▸ Goal of the exercise
Each line of the data below between the one containing "Huippukoostumus tekee ihosta" and the one containing "10. 구글 서버 API", both included, is to be repeated exactly. Please omit pictures.

▸ Material to process

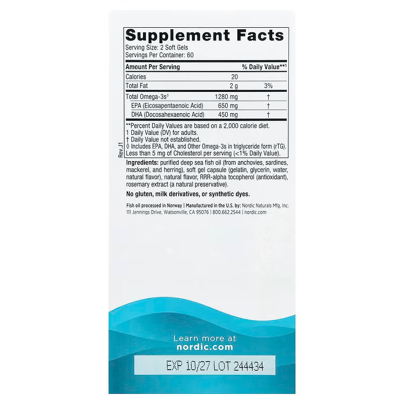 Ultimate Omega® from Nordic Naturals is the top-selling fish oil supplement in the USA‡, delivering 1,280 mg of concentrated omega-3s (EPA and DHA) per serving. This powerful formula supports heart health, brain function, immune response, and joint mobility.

...

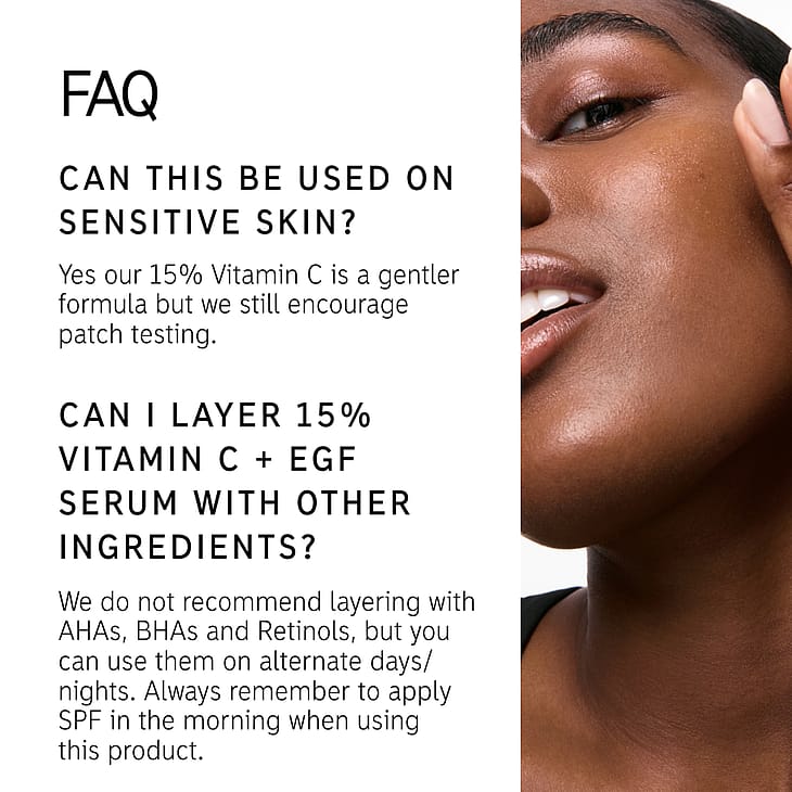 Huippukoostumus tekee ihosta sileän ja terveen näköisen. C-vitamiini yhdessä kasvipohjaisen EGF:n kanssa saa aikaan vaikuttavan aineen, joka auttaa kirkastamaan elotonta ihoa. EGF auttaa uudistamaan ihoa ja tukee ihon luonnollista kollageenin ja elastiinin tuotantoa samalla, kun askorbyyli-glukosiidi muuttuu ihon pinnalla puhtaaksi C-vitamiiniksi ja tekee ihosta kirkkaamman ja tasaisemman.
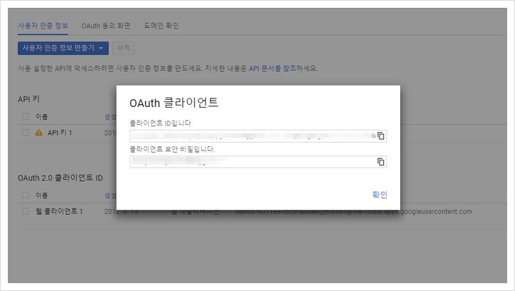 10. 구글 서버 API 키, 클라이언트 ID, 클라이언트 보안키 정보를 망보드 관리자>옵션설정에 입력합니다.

▸ Your response
 Huippukoostumus tekee ihosta sileän ja terveen näköisen. C-vitamiini yhdessä kasvipohjaisen EGF:n kanssa saa aikaan vaikuttavan aineen, joka auttaa kirkastamaan elotonta ihoa. EGF auttaa uudistamaan ihoa ja tukee ihon luonnollista kollageenin ja elastiinin tuotantoa samalla, kun askorbyyli-glukosiidi muuttuu ihon pinnalla puhtaaksi C-vitamiiniksi ja tekee ihosta kirkkaamman ja tasaisemman.
 10. 구글 서버 API 키, 클라이언트 ID, 클라이언트 보안키 정보를 망보드 관리자>옵션설정에 입력합니다.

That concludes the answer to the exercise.